PROBLEM:
Beginning at the top of the data below, restate every line word for word until the line containing "24 uñas con diseño de corazón dulce." has been included, and omit the pictures.

(Beginning of SUPPLIED INFORMATION)

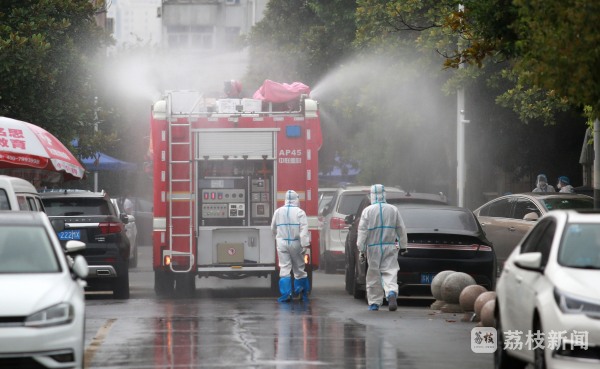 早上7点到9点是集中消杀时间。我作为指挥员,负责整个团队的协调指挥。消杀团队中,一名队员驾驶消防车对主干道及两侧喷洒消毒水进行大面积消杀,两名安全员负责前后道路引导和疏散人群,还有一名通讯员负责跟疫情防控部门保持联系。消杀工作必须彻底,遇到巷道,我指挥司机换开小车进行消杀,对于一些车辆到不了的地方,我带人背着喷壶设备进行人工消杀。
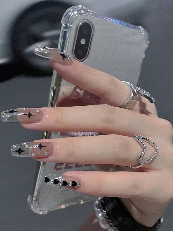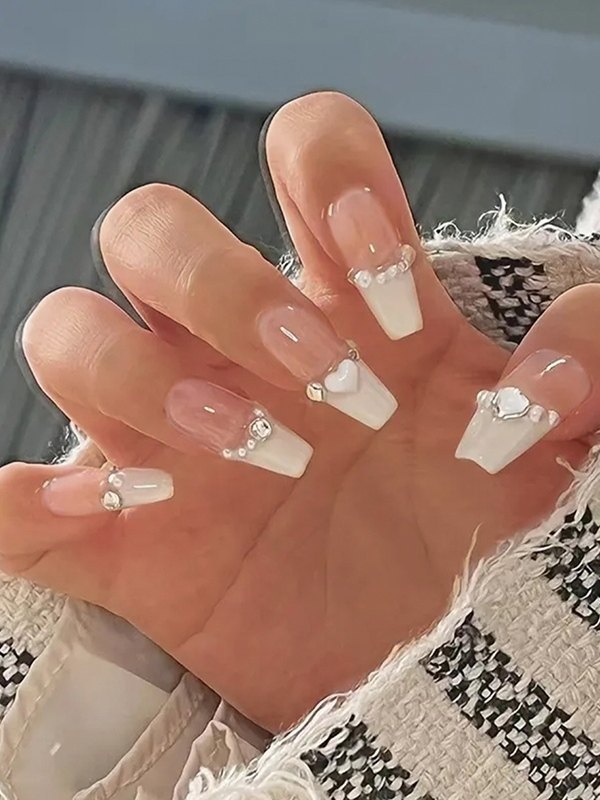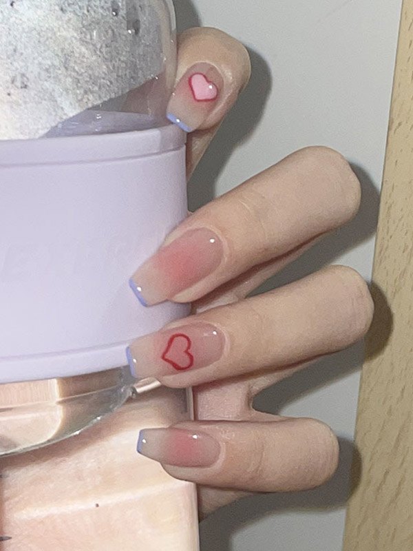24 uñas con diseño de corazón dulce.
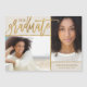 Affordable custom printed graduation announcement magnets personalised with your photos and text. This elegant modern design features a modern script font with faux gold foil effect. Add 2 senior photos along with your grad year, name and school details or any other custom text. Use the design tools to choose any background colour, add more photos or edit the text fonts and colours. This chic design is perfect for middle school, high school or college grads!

(End of SUPPLIED INFORMATION)

ANSWER SECTION:
 早上7点到9点是集中消杀时间。我作为指挥员,负责整个团队的协调指挥。消杀团队中,一名队员驾驶消防车对主干道及两侧喷洒消毒水进行大面积消杀,两名安全员负责前后道路引导和疏散人群,还有一名通讯员负责跟疫情防控部门保持联系。消杀工作必须彻底,遇到巷道,我指挥司机换开小车进行消杀,对于一些车辆到不了的地方,我带人背着喷壶设备进行人工消杀。
24 uñas con diseño de corazón dulce.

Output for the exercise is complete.